> **What is being asked**
Using the data that follows, output only the lines from the line with "Camper su VW" up to and including the line with "L-One adagolós hajtogatott", exactly, leaving pictures aside.

> **Input material**

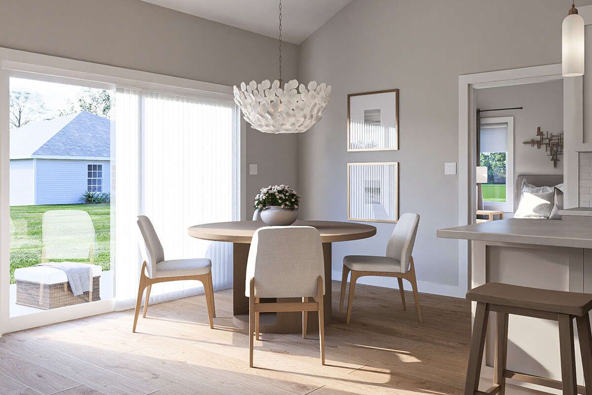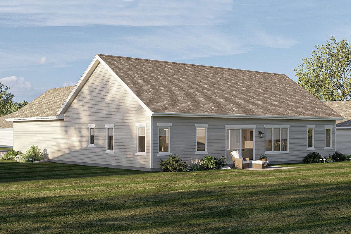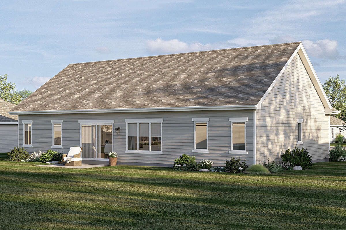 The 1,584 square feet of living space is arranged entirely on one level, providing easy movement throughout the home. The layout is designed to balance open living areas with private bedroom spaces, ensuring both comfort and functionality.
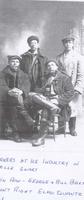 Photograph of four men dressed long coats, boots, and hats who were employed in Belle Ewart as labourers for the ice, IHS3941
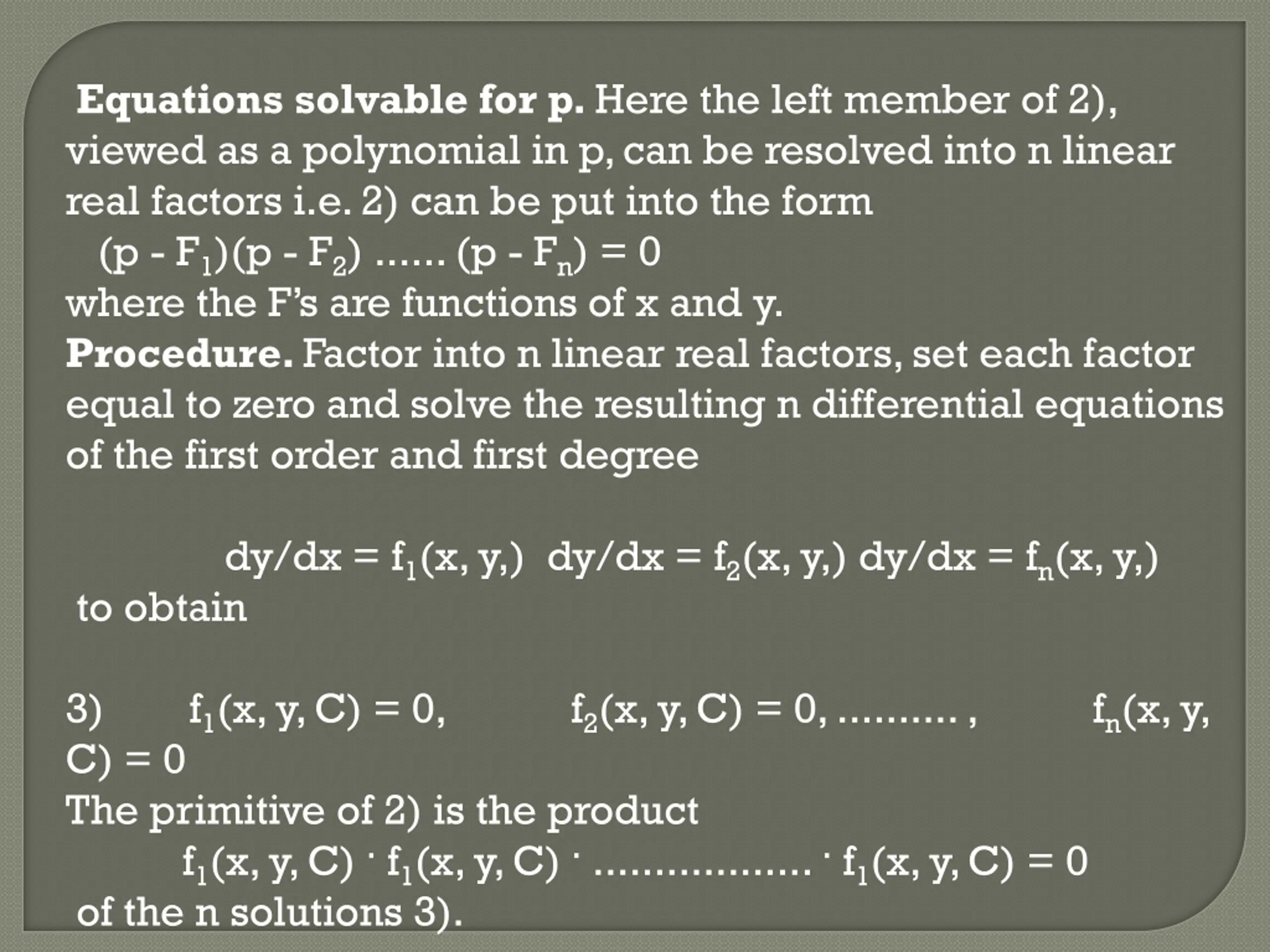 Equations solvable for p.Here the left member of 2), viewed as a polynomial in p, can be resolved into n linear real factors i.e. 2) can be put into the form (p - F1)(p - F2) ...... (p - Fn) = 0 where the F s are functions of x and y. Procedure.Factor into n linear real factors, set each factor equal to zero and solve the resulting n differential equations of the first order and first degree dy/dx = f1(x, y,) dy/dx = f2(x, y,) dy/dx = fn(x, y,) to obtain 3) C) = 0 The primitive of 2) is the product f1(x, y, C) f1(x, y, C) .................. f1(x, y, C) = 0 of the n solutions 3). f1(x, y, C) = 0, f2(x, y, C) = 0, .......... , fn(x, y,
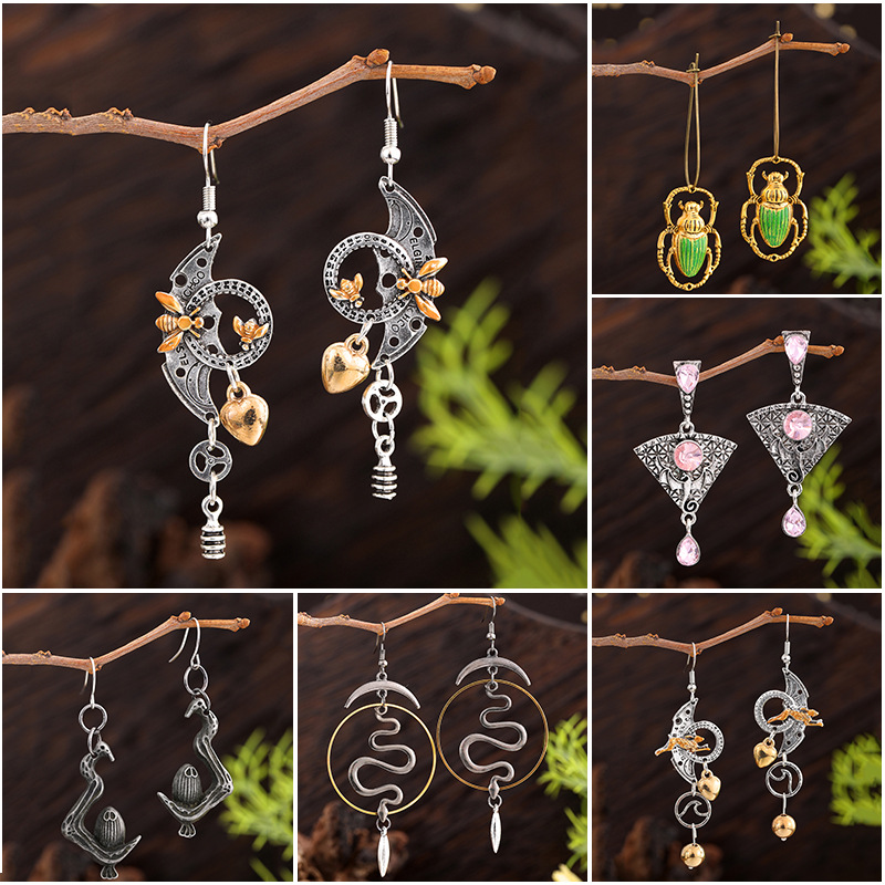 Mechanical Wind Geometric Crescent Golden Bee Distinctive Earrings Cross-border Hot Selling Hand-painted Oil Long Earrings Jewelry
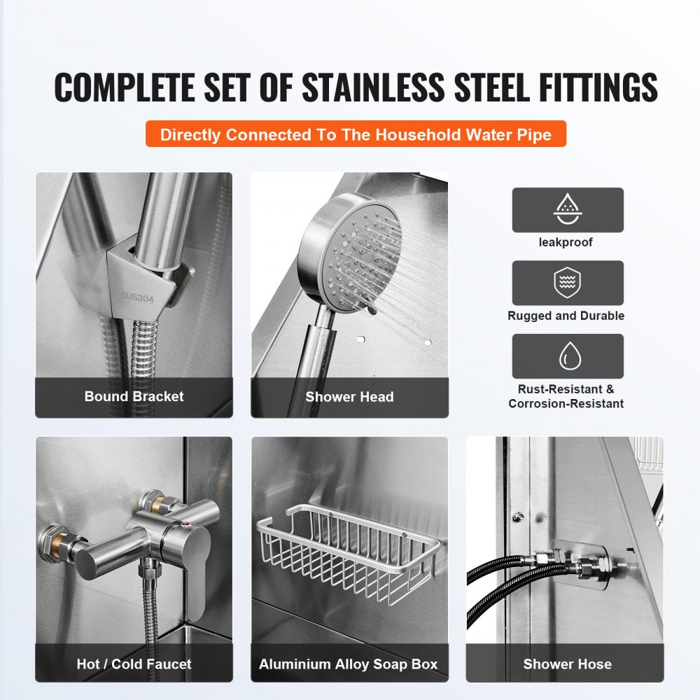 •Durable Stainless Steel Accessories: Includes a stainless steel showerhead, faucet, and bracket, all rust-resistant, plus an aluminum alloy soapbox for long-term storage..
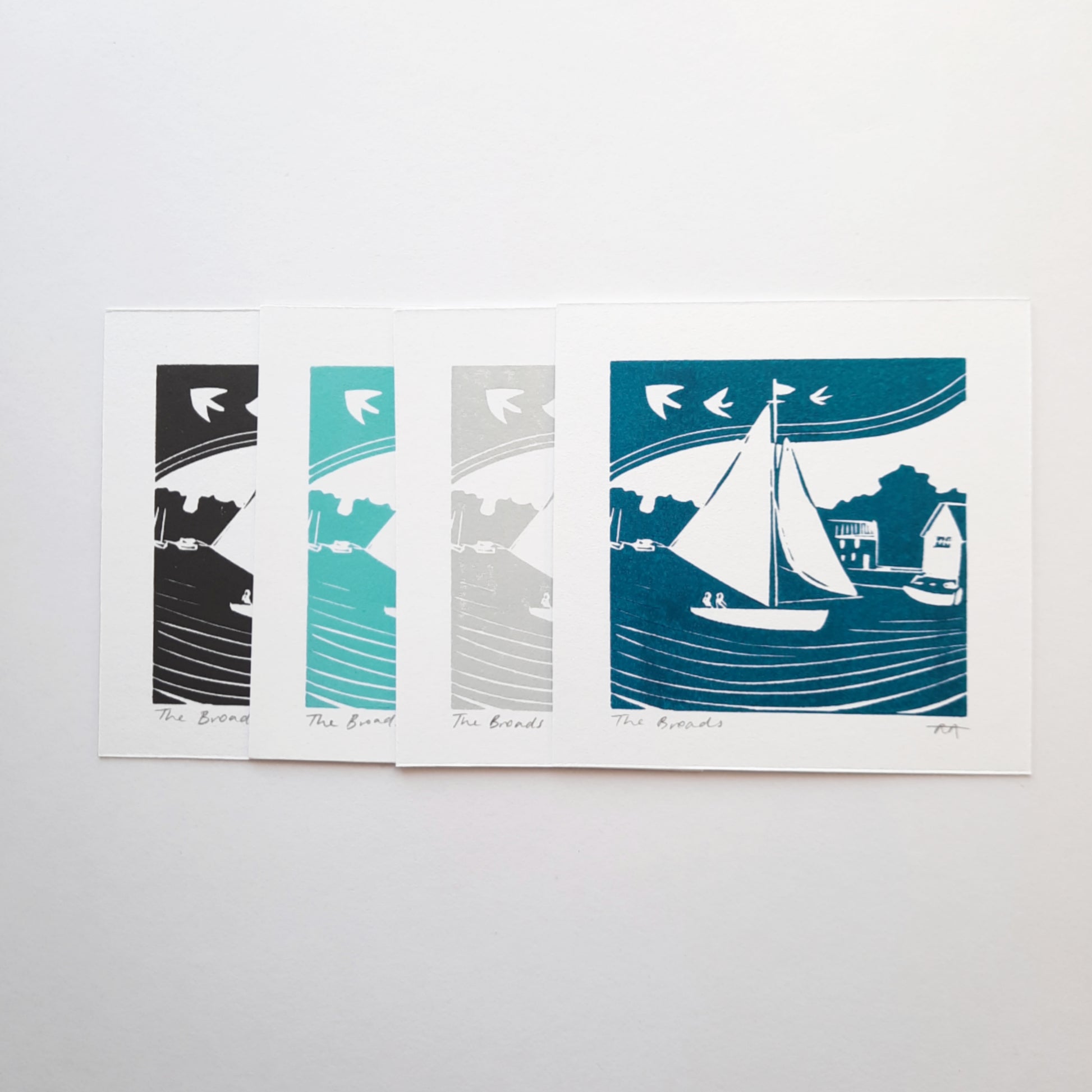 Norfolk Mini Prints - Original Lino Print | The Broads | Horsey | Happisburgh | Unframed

--

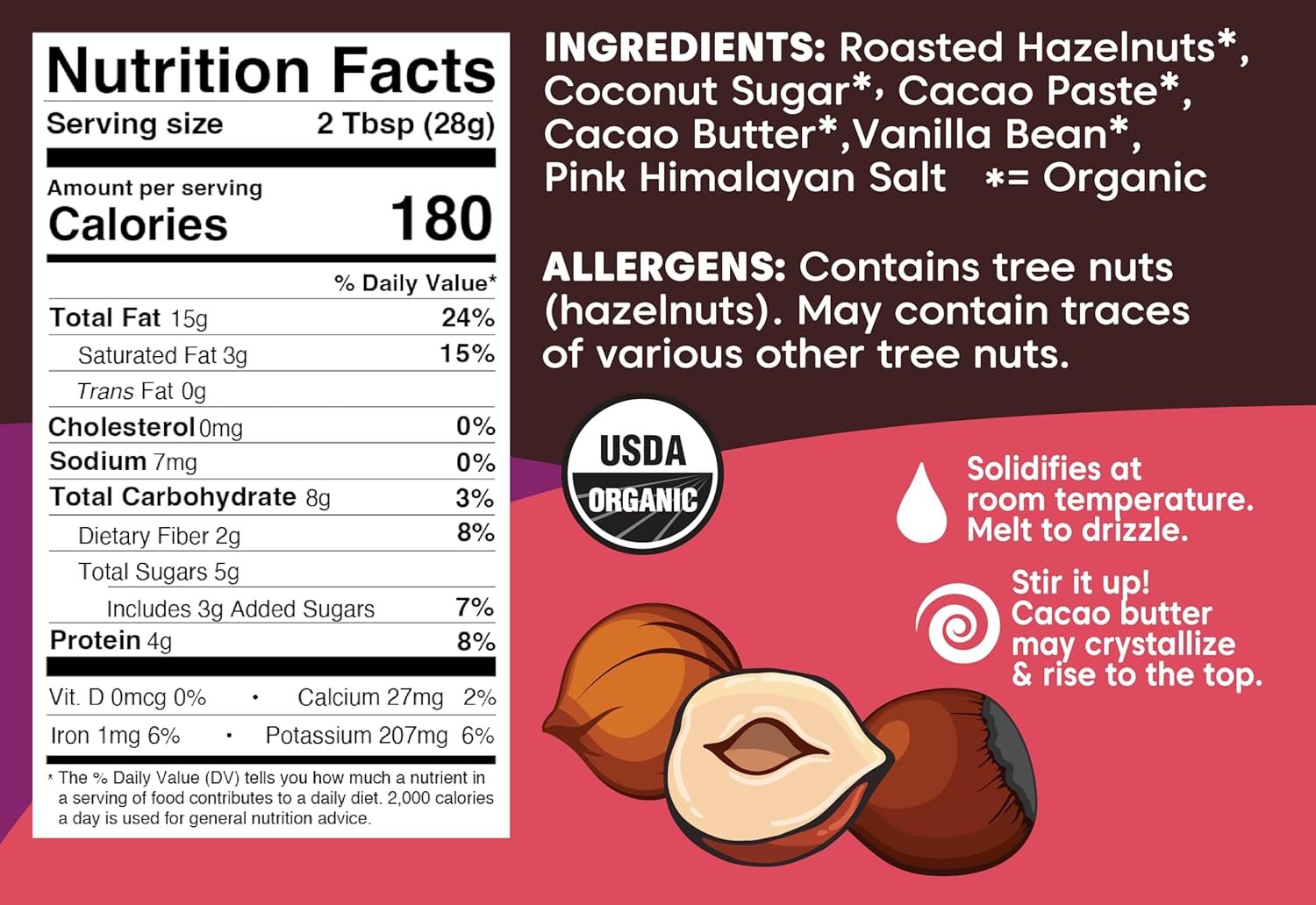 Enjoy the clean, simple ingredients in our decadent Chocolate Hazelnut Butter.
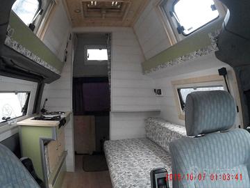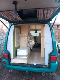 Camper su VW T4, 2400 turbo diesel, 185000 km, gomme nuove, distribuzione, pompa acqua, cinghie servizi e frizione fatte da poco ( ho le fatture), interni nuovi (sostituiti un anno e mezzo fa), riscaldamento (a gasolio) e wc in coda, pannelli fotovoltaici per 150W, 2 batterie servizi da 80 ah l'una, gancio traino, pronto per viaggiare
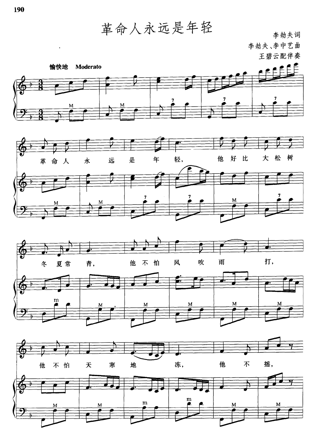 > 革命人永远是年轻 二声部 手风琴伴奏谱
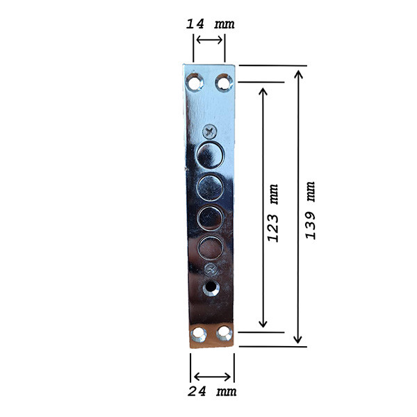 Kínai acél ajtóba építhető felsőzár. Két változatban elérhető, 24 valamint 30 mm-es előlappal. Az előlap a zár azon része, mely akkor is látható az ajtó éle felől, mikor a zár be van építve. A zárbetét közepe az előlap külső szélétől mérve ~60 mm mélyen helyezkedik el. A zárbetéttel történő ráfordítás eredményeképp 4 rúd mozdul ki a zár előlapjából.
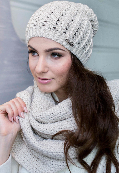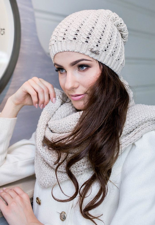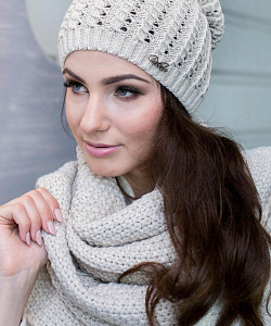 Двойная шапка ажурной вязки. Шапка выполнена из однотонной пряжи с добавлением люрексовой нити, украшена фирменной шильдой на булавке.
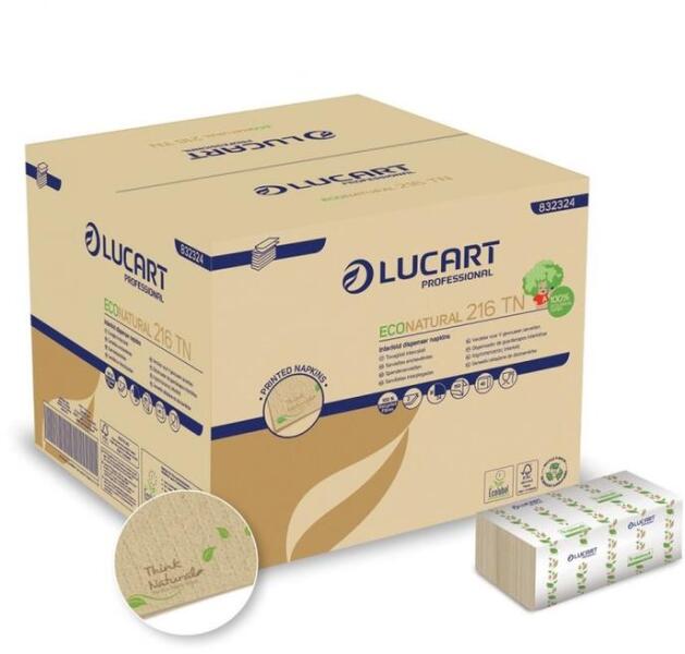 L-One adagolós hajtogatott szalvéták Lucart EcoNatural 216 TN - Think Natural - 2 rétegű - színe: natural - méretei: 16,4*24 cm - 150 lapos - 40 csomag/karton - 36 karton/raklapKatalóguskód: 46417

---

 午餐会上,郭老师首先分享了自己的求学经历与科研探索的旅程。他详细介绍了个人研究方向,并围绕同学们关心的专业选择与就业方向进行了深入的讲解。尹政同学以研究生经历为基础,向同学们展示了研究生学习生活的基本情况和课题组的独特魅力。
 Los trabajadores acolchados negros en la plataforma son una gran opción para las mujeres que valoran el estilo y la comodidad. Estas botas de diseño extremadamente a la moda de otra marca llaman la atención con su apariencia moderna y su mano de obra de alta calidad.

> **Response to the exercise**
 Camper su VW T4, 2400 turbo diesel, 185000 km, gomme nuove, distribuzione, pompa acqua, cinghie servizi e frizione fatte da poco ( ho le fatture), interni nuovi (sostituiti un anno e mezzo fa), riscaldamento (a gasolio) e wc in coda, pannelli fotovoltaici per 150W, 2 batterie servizi da 80 ah l'una, gancio traino, pronto per viaggiare
 > 革命人永远是年轻 二声部 手风琴伴奏谱
 Kínai acél ajtóba építhető felsőzár. Két változatban elérhető, 24 valamint 30 mm-es előlappal. Az előlap a zár azon része, mely akkor is látható az ajtó éle felől, mikor a zár be van építve. A zárbetét közepe az előlap külső szélétől mérve ~60 mm mélyen helyezkedik el. A zárbetéttel történő ráfordítás eredményeképp 4 rúd mozdul ki a zár előlapjából.
 Двойная шапка ажурной вязки. Шапка выполнена из однотонной пряжи с добавлением люрексовой нити, украшена фирменной шильдой на булавке.
 L-One adagolós hajtogatott szalvéták Lucart EcoNatural 216 TN - Think Natural - 2 rétegű - színe: natural - méretei: 16,4*24 cm - 150 lapos - 40 csomag/karton - 36 karton/raklapKatalóguskód: 46417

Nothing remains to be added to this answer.